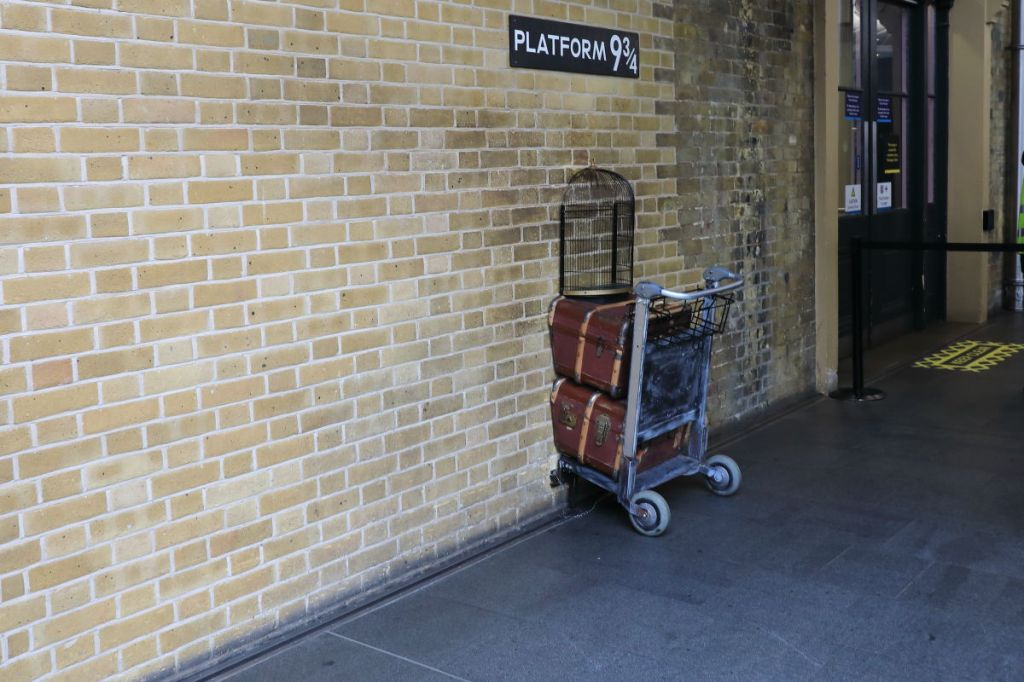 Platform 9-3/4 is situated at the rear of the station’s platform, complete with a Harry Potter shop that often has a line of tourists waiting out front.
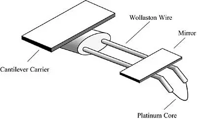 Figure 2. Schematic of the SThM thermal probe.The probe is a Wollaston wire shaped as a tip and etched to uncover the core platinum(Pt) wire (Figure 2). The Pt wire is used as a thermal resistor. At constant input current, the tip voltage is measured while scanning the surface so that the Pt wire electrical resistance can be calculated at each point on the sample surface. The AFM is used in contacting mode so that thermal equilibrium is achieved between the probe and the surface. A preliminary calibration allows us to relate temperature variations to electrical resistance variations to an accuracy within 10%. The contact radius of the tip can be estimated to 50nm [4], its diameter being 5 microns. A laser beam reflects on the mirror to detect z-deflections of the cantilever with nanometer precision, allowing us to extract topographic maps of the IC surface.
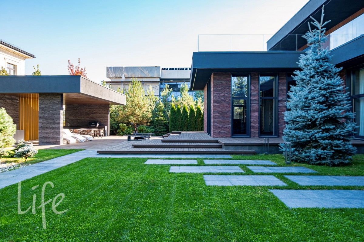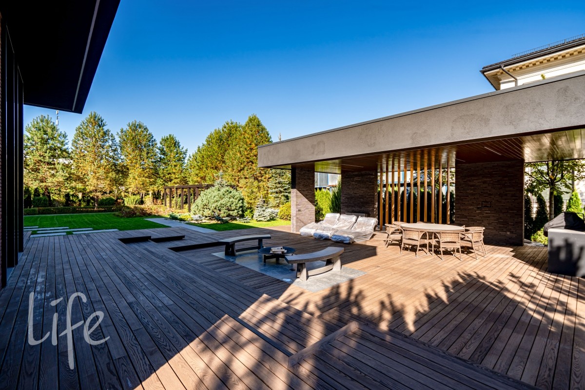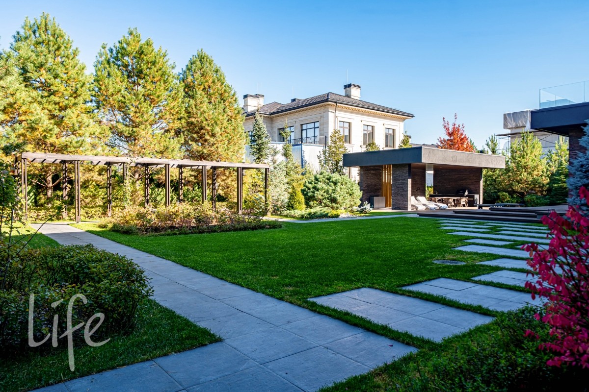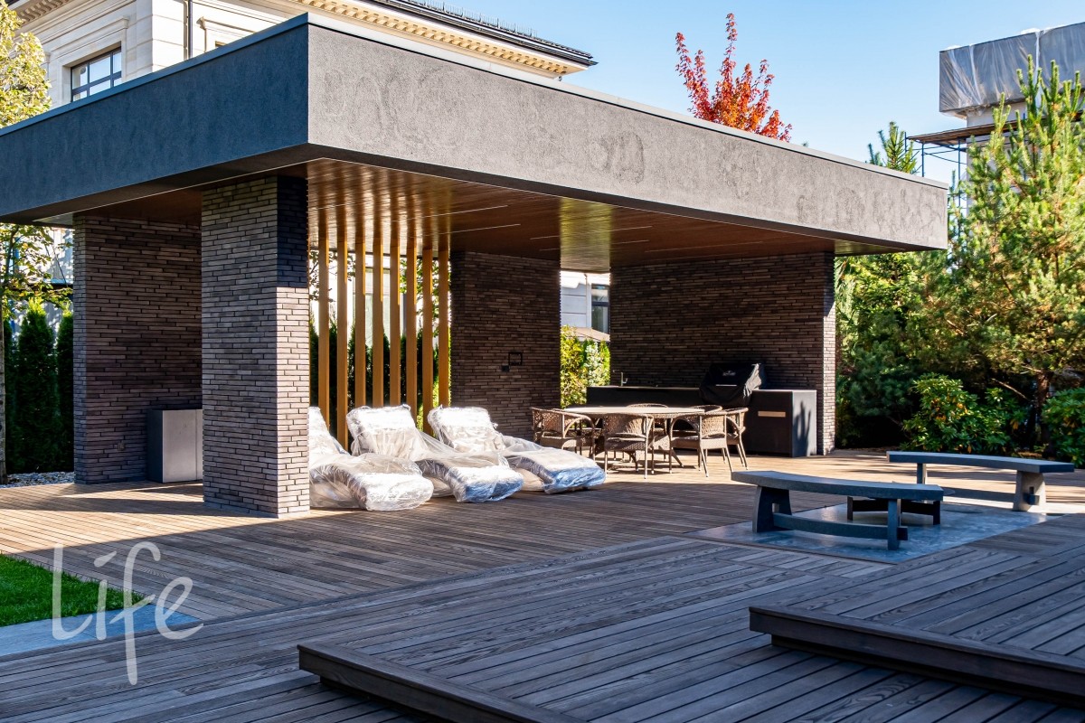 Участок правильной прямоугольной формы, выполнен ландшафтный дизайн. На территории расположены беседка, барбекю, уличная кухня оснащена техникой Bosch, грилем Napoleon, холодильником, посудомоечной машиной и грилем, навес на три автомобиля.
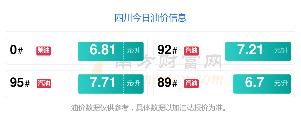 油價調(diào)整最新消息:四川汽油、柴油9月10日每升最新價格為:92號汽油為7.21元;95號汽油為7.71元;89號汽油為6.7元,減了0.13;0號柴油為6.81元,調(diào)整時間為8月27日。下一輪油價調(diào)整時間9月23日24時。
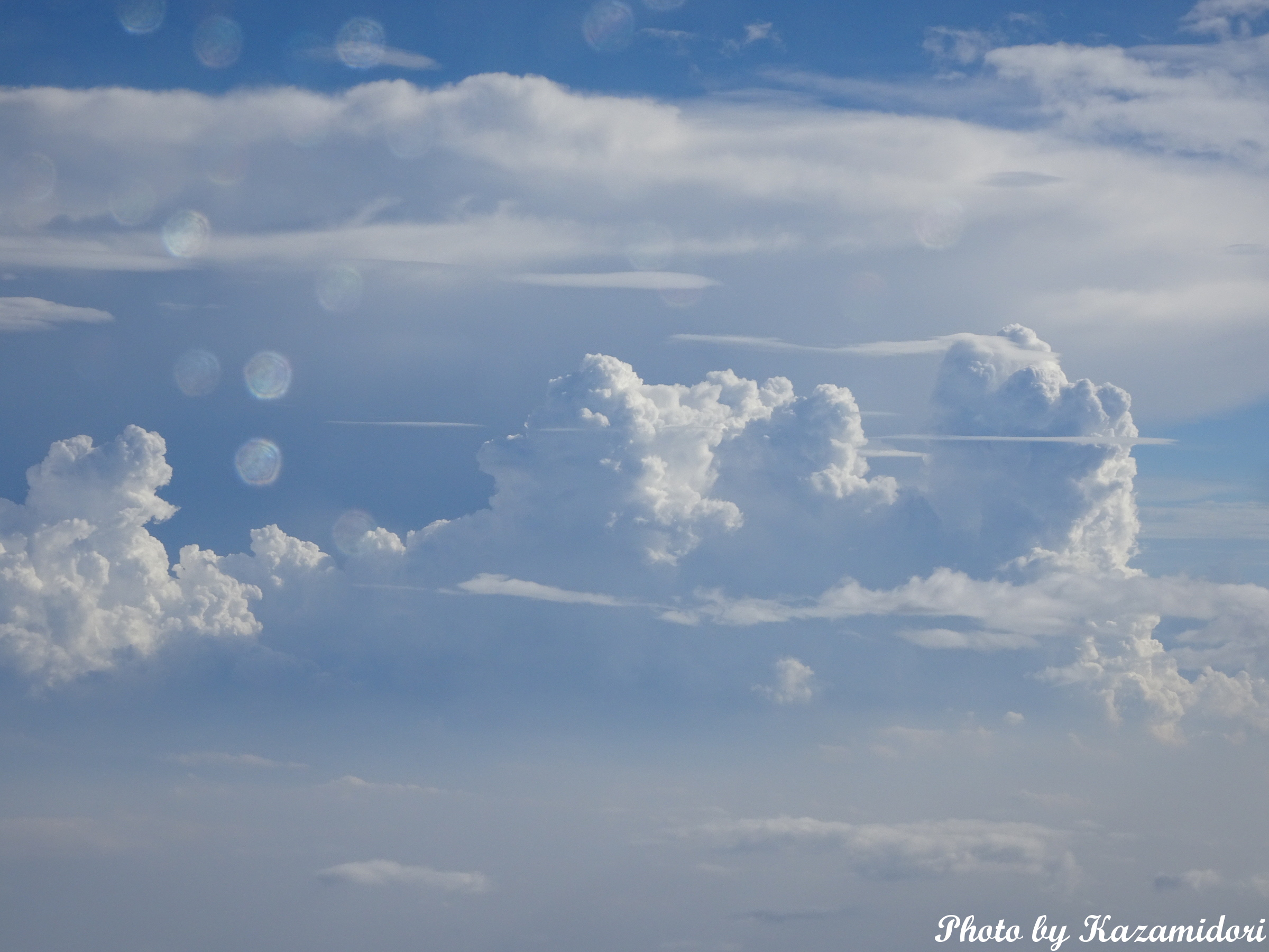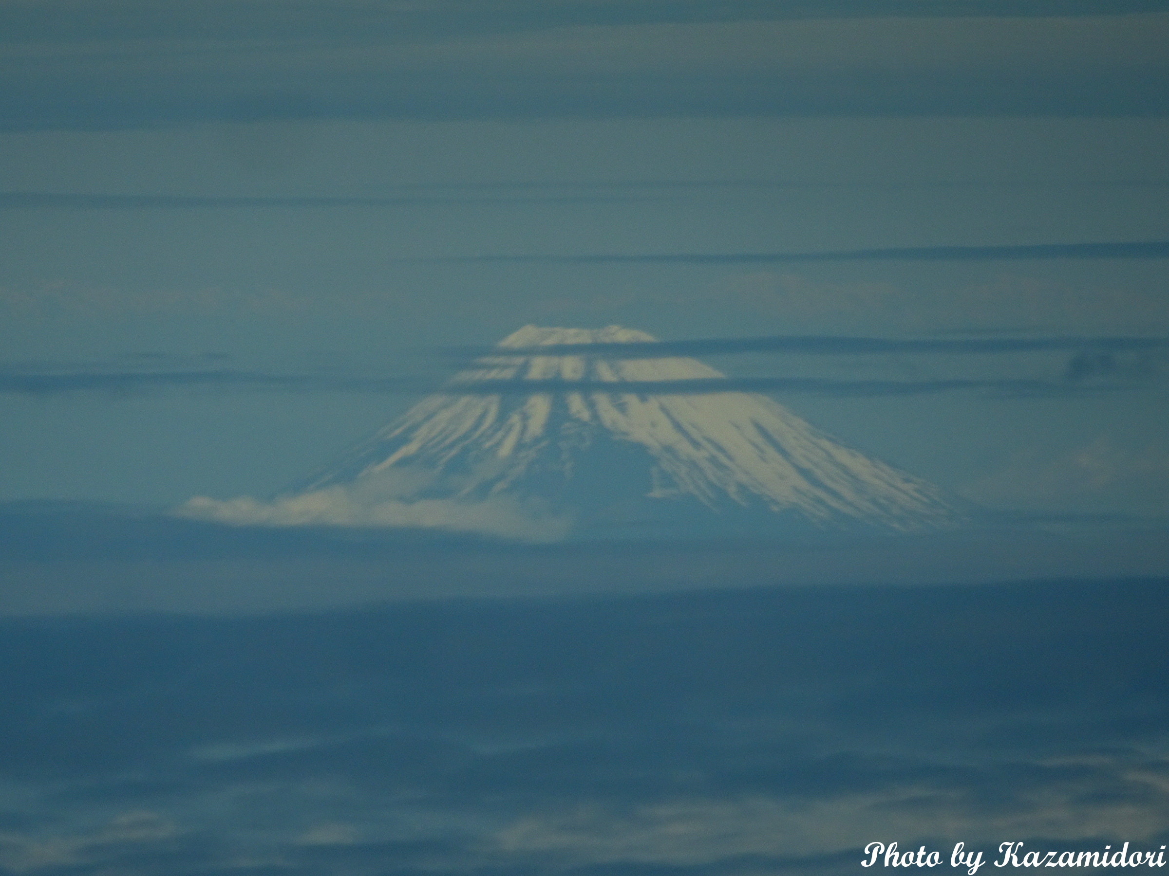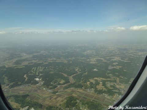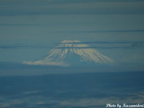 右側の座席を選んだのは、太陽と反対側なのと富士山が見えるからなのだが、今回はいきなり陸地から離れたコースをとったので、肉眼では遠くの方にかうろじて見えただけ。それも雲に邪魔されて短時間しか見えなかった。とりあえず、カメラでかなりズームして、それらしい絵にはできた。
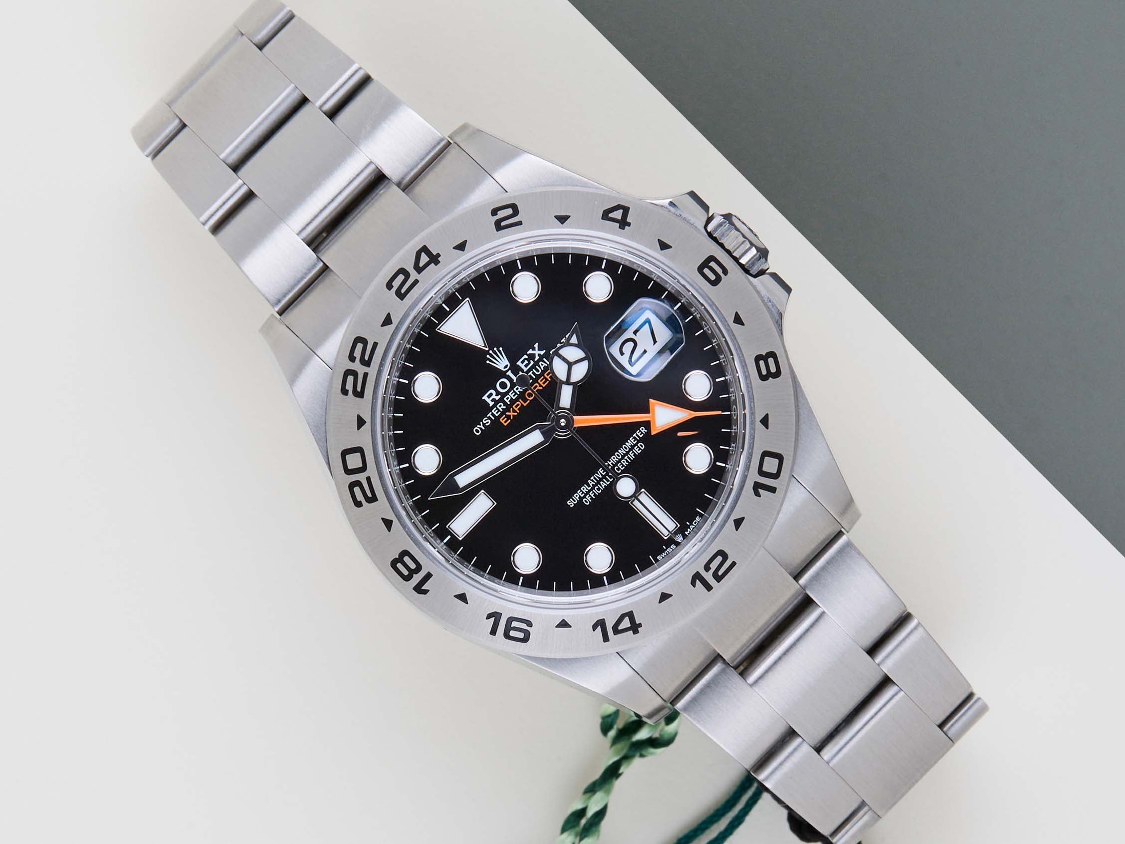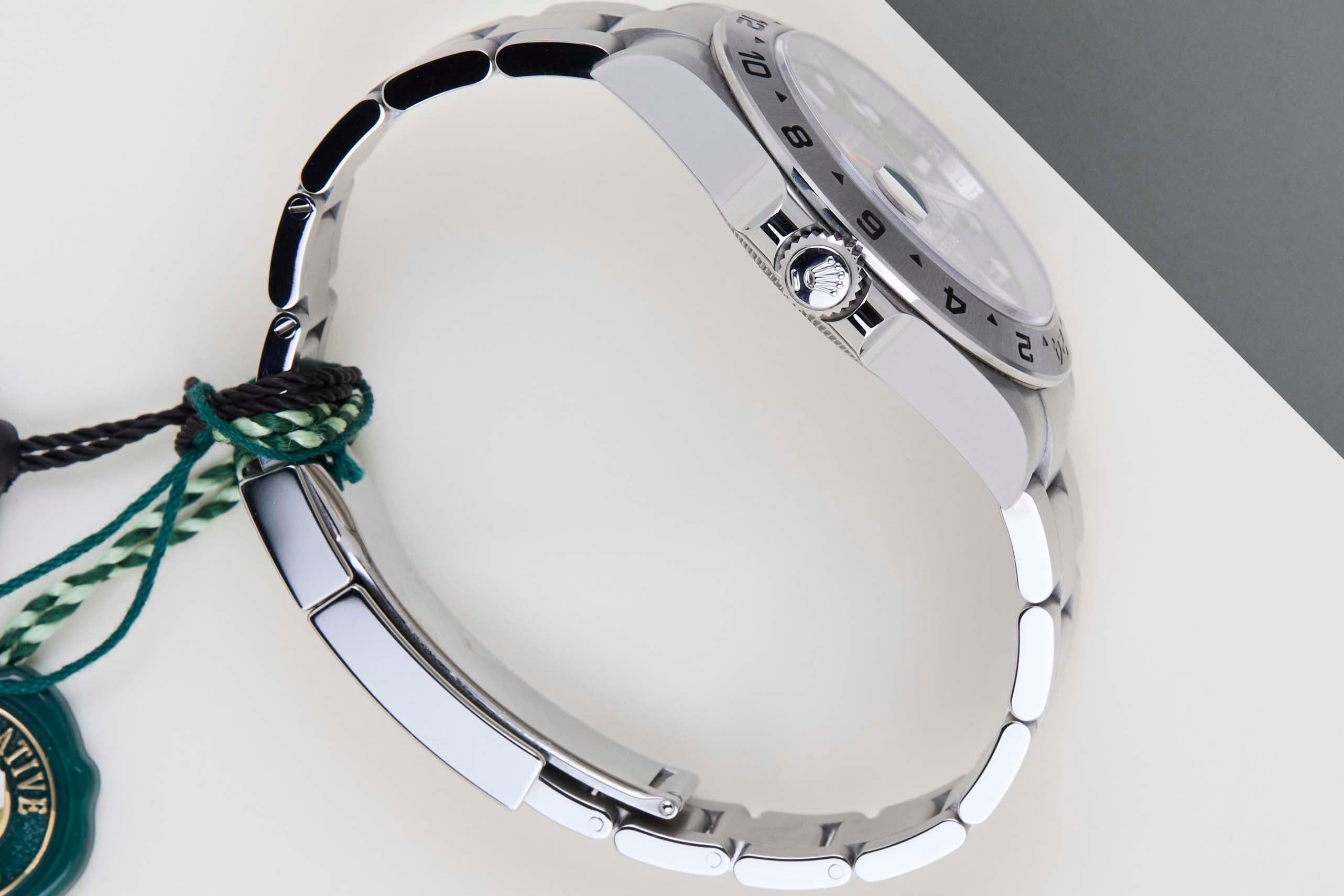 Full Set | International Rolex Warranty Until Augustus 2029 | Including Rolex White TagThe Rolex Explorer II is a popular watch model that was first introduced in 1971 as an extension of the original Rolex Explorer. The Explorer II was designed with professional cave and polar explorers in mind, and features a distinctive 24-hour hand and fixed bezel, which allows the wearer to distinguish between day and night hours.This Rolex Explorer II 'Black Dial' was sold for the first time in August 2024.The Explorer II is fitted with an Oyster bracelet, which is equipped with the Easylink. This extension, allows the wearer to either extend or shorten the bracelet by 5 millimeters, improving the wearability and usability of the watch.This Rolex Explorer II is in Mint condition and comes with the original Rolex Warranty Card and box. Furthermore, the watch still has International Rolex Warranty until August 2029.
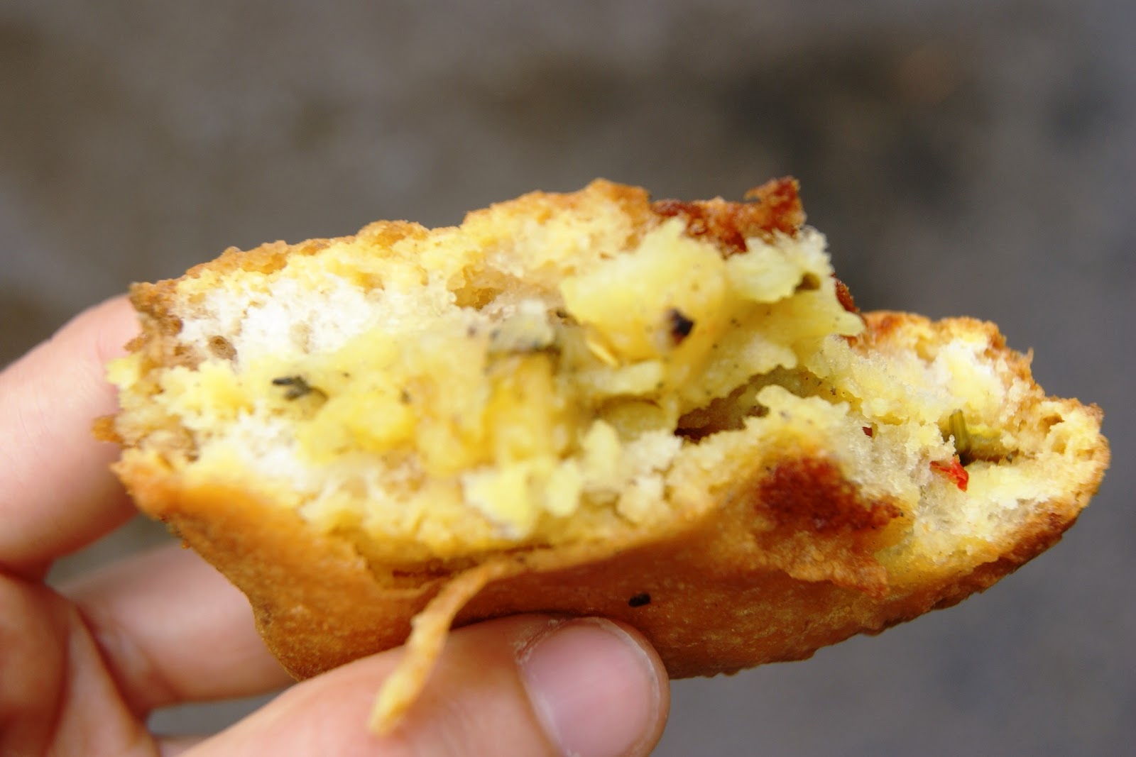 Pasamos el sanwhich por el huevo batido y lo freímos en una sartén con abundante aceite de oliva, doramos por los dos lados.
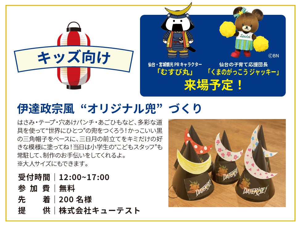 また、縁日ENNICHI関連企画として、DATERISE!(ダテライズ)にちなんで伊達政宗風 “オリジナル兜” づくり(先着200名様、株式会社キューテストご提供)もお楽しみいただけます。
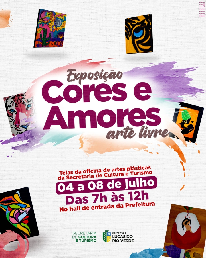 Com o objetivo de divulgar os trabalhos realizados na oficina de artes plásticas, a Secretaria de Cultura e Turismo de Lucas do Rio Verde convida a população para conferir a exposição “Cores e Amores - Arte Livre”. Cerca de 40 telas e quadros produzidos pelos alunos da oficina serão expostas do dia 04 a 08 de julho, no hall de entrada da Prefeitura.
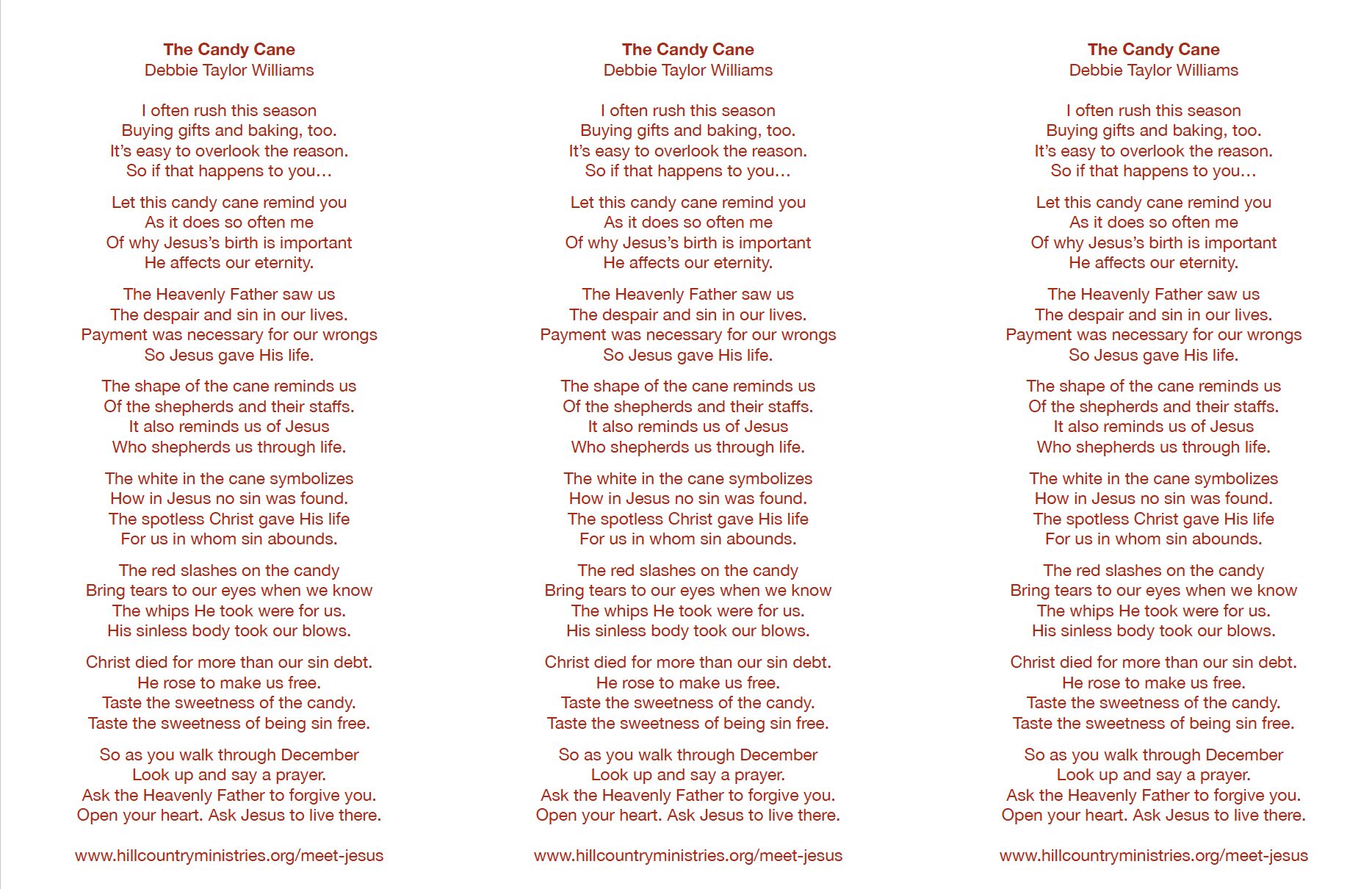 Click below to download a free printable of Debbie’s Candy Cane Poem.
* * *
What needs to be done: Reproduce the listing above from the line that holds "Участок правильной прямоугольной" through the line that holds "右側の座席を選んだのは、太陽", both included, with the pictures left out.

Completed exercise:
 Участок правильной прямоугольной формы, выполнен ландшафтный дизайн. На территории расположены беседка, барбекю, уличная кухня оснащена техникой Bosch, грилем Napoleon, холодильником, посудомоечной машиной и грилем, навес на три автомобиля.
 油價調(diào)整最新消息:四川汽油、柴油9月10日每升最新價格為:92號汽油為7.21元;95號汽油為7.71元;89號汽油為6.7元,減了0.13;0號柴油為6.81元,調(diào)整時間為8月27日。下一輪油價調(diào)整時間9月23日24時。
 右側の座席を選んだのは、太陽と反対側なのと富士山が見えるからなのだが、今回はいきなり陸地から離れたコースをとったので、肉眼では遠くの方にかうろじて見えただけ。それも雲に邪魔されて短時間しか見えなかった。とりあえず、カメラでかなりズームして、それらしい絵にはできた。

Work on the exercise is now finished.